Earlier this week a coronal hole opened up on the Sun and allowed charged particles to stream toward Earth. So even though the Sun was relatively inactive and devoid of sunspots a slight uptick in geomagnetic activity (to a Kp index of 4) was forecast for April 20. When my ailing dog woke me at 5 AM a quick check of spaceweather.com showed the index surged to 6, which put it within camera range at my latitude of nearly 44 North.
I went to the end of the driveway and braced my camera against my mailbox and pointed it north for a two second exposure. The photo below shows a purple glow through the trees. At this point I knew I needed to get to a location with a clearer northern horizon fast because of the encroaching morning twilight.
I quickly packed my camera gear and in seven minutes I was parked at a pull-off on M-116 where I took a quick photo with the camera held steady against the roof of my car.That method had my car's shark-fin antenna blocking the most intense part of the aurora. I quickly searched through the car and found my tripod which allowed an unobstructed steadier view.
The growing glow of dawn had me aiming more toward the northwest over Lake Michigan away from the eastern sky. It appears that an atmospheric inversion was exposing the skyglow of cities across the lake in Wisconsin.
In the photo above the two bright lights are from the freighter Roger Blough.

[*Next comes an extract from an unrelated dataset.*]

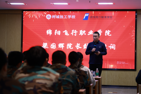 绵阳飞行职业学院执行院长梁国辉在致辞中表示,学校深耕职业教育领域,聚焦消防应急、低空经济等新兴产业,构建优势专业集群,创新人才培养模式,已建成多领域高标准实训基地。此次与柯城技工学校携手,既是响应国家东西部协作战略的具体行动,更是两地职业教育资源互补、协同发展的生动实践。

The ship's ID was found on marinetraffic.comOn a side note- last Friday our area experienced a seiche on the Lake Michigan shore. News site Mlive reported this story........ ....http://www.mlive.com/weather/index.ssf/2018/04/thunderstorm_induced_seiche_ca.html
It kind of sells the event short because what they described was a 1 foot increase of lake level in an hour was not what was observed elsewhere. At my worksite the lake level is constantly monitored and recorded. Our data and surveillance video show that at 1243 EDT the lake had dropped to 573' above sea level from the normal level of 580.5'. Four minutes later at 1247 EDT the lake surged to 588' above sea level, a change of 15'. At my former worksite on Lake Erie we had seiches of 10-15 feet almost yearly when strong southwest winds would set up across the whole fetch of the lake and push the water toward Buffalo, NY. But the time elapsed between the high and low was typically 6-10 hours not 4 minutes.